Thursday, March 1, 2018
The consumer group Public Watchdogs is opposing a settlement agreement that charges ratepayers about $2 billion for the shutdown of San Onofre. The nuclear power plant closed in 2013 after faulty, newly-installed steam generators began to leak in 2012.
Charles Langley of Public Watchdogs said the California Public Utilities Commission should not approve the settlement because it allows the utility to unlawfully charge ratepayers for useless equipment.
The $2 billion has already been paid by electricity consumers in their bills.
San Diego attorney Mike Aguirre was the lead attorney on a lawsuit that resulted in the settlement.
When the settlement was reached in January, Aguirre said that he had fought for five years and ultimately decided this was the best deal he could get for consumers.
“Not paying any more money is not the same thing as getting back all the money you paid,” Aguirre said. “There’s no mincing words on that. But we had to make a judgement call.”

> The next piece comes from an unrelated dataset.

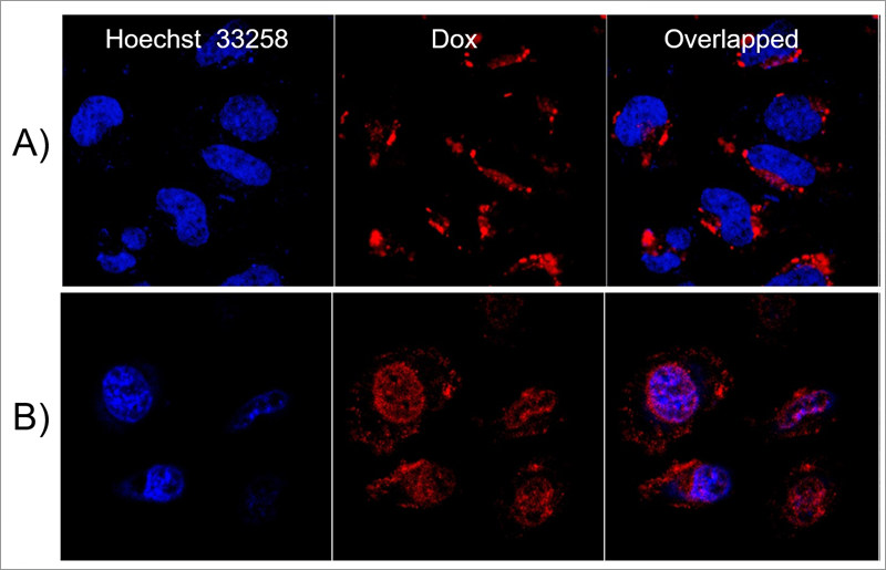 Beyond helping AO1CB[7] to self-assemble, the allyloxy tail is also light-responsive: it can react with molecules such as glutathione normally present in cells when irradiated by UV light (365 nanometer wavelength). Similarly to a soap bubble popping, the reaction between the tails and glutathione molecules breaks the AO1CB[7] vesicles apart. Rather than using UV single-photon laser to promote the glutathione-allyloxy tail reaction, IBS researchers employed a near infrared two-photon laser, which has the ability to penetrate deeper into tissues with increased accuracy. In simple terms, the two-photon laser (wavelength 720 nanometers) is a better tool to use than a single-photon laser (365 nanometers) as it can reach deeper inside flesh with less scattering. As the irradiated area is smaller, the drug delivery is confined to the targeted area, resulting in less damage to healthy tissue surrounding the tumor. The research team applied this technology to deliver the chemotherapeutic drug Doxorubicin to cervical cancer cells (HeLa cells) in the laboratory. They observed that the drug was able to exit the vesicles, reach the nucleus of the cancer cells, and eventually kill them.
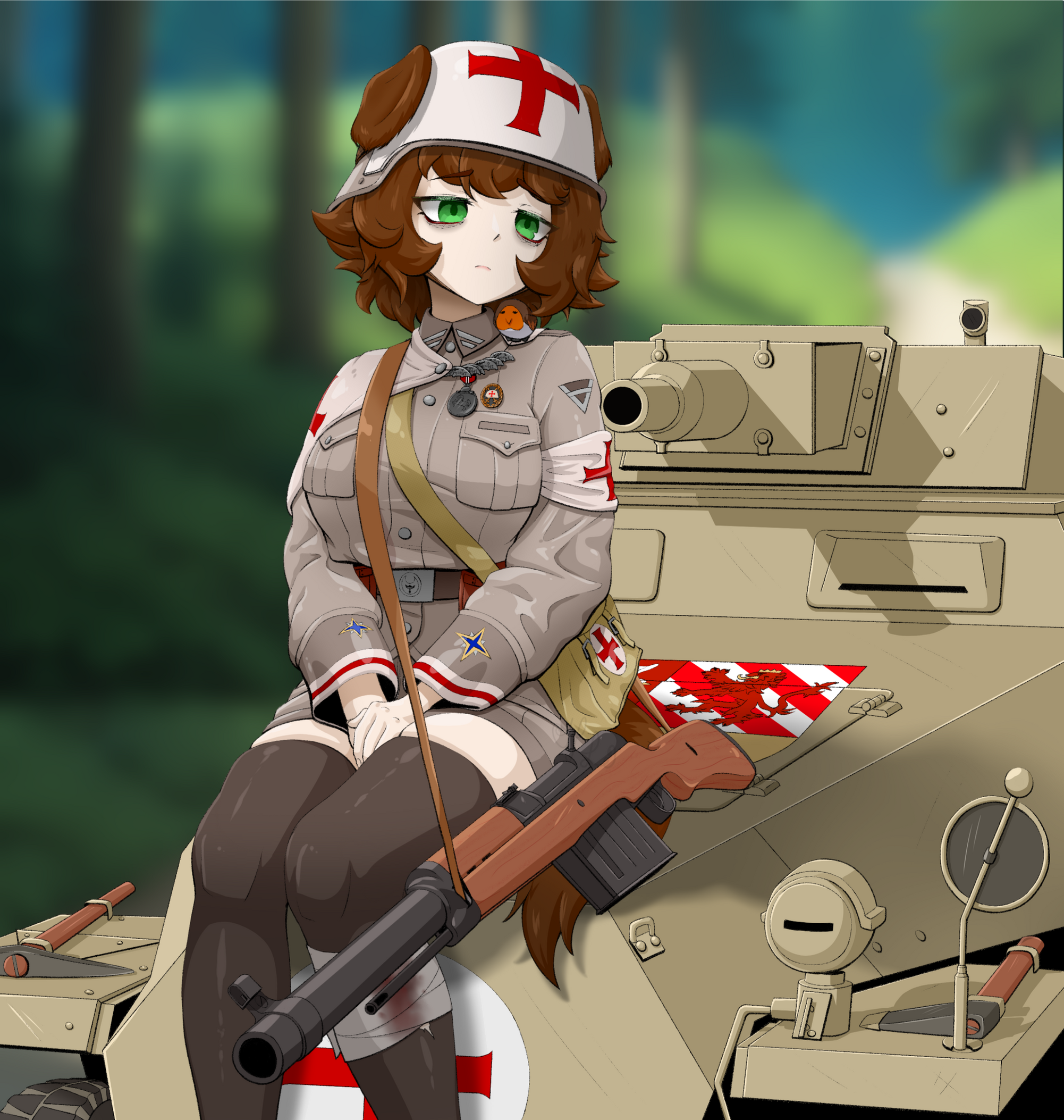 In the same moment shell hit her on the right arm, injuring her. The smoke engulfed her for a moment. „Ah, right!” –yelled and turned. She started running towards the forest where the shot came from. She got hit in her advance. Right arm again. Her grasp on her cannon loosened, having to switch to her less accurate left hand. Another shot came from the forest, but from a different direction. „Is it another one or the same?” –she thought for herself while dodge rolling. She got to the edge of the forest but she go hit in the left leg. But now she saw the exact location of the fire. Taking aim she sent a high-explosive shell right at it. She only heard a yell, in a familiar voice. Advancing to the impact place, she found a bit burned culprit lying on the ground. "Anna, milyy! I had a gut feeling it was you!" -she said laughingly while getting down next to her. She coughed. "Almost got you this time." -she turned her head to Misha, one eye shut. "Yeah, you did a number on me, barely able to move my right arm." -she said smirkingly. Anna gave a short smile and then "I hope it doesn't hurt much." -she said with a worrying tone and face. "Hah. Don't worry about me, you just took a 152 HE shell directly!" -Anna let out a laugh. Her armament disintegrated. "You did great milyy. Next time you might get me!" -she grinned. Anna's expression turned confident. "I will, - be alert of every bush." -she said with a smug-ish face. She put her hand on her earpiece. "Command, StuH 42 G out!" Spreading out on the ground. "Meet at Burg o' Phast?" -asked Misha. While disappearing: "Yeah." looking at her with a smile.

Aguirre received $5 million as part of the settlement. Langley said the latest settlement was secretly negotiated behind closed doors — as was the 2014 settlement – “to prevent evidence of potential criminal activity and life-threatening malfeasance from being disclosed openly in public hearings.”
Evidence emerged that the 2014 settlement was based on a secret meeting between CPUC then-President Michael Peevey and Edison executive, Stephen Pickett, who met in a hotel in Warsaw, Poland and noted the details of the deal on the Hotel Bristol stationary.
“The attorneys, in this case, have stabbed the public in the back in exchange for a $5.4 million payday,” Langley said, “and the other participants are also lining up at the trough for easy money at the public’s expense.”
Other consumer groups, including TURN, UCAN and the Alliance for Nuclear Responsibility, have signed on to the proposed settlement, saying it is an improvement on the original agreement, which would have charged ratepayers more than $3 billion for the cost of the shutdown.